Jeffrey Ramsey chose the latter. As chief marketing officer at Jones Junction in Bel Air, Md., Ramsey’s job was to promote his group’s brand, its staff and its community connections. Then the pandemic hit, followed by a shortage of critical semiconductors that slowed down production, and Jones Junction was turning its inventory so fast that the group was earning more vehicles to sell from its automakers.
To keep the allocation pipeline flowing, Ramsey said, he needed to continue to let customers know that vehicles were coming.
“Now part of our branding is we have inventory,” he said.
Along with the shift in message, Ramsey also changed how he gauges success with marketing campaigns. Previously, he measured website visits, not the shoppers themselves. Now, he said, he focuses more on bringing those shoppers back to Jones Junction’s website and keeping them engaged — increasing the likelihood they’ll become buyers.
Ramsey said he is proud of that shift in approach and noted its success: Leads, phone calls, floor traffic, “absolutely everything went up.”
Sales of combined new and used vehicles set a record in 2020 and again in 2021, mostly driven by used vehicles, Ramsey said. He said the group’s sales growth is the result of a broader rethinking about marketing.
When he joined Jones Junction five years ago, Ramsey was a marketing team of one, so he outsourced social media content to keep those channels full. In time, he began to post some content himself, featuring an employee’s birthday or showcasing a particular vehicle. He discovered that those posts led to more interaction.
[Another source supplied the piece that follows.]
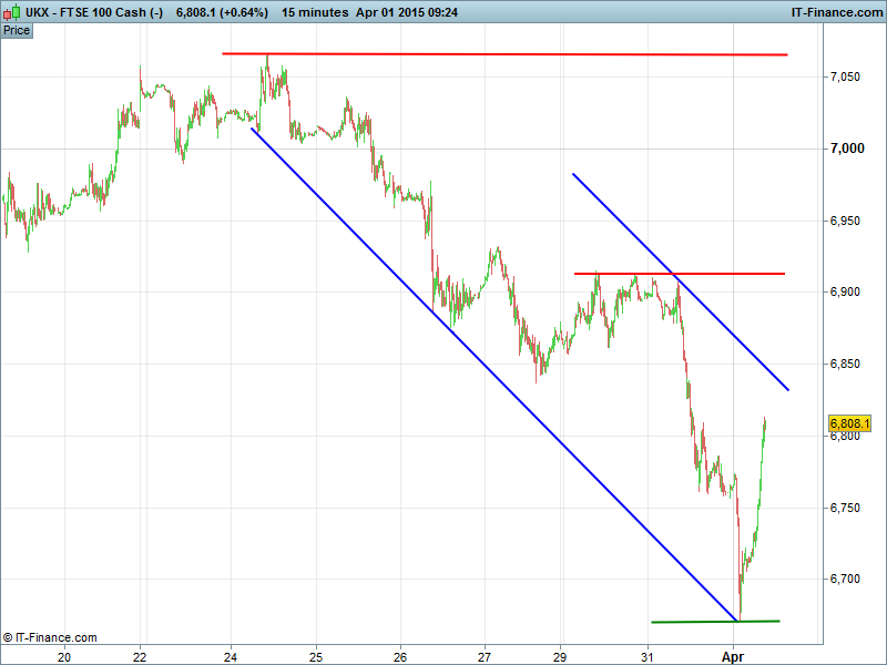 UK 100  has bounced off support at 6671 after a massive sell off yesterday and is climbing back up towards the upper bound of a downwards channel that began shortly after the making of fresh all-time highs on 24 March.

Soon Jones Junction hired a graphic designer and a full-time social media specialist to join Ramsey’s team. Some marketing work remains with a third-party provider because of automaker partnerships, he said, but the majority now is done in house.
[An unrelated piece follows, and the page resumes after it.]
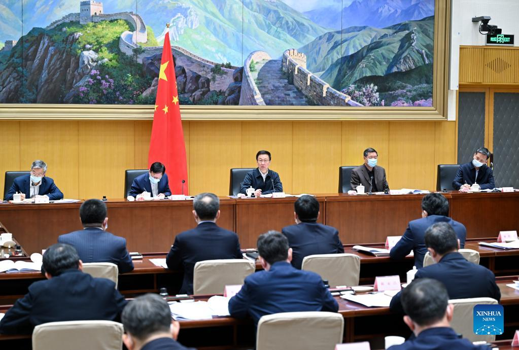 Chinese Vice Premier Han Zheng, also a member of the Standing Committee of the Political Bureau of the Communist Party of China Central Committee, presides over a meeting promoting the clean and efficient use of coal in Beijing, capital of China, March 22, 2022. (Xinhua/Zhang Ling)

“You can spend a million dollars and get an ad in front of people that they just run past,” Ramsey said. “All the graphics that we put up are done at Jones, and so that’s where our advertising excels because it’s all custom. It’s not something that was done at a location outside of our group. The people involved in our ads work here.”
In late June, Ramsey left his role at Jones Junction. He was scheduled to start last week as variable operations director at Ourisman Automotive Group of Rockville, Md.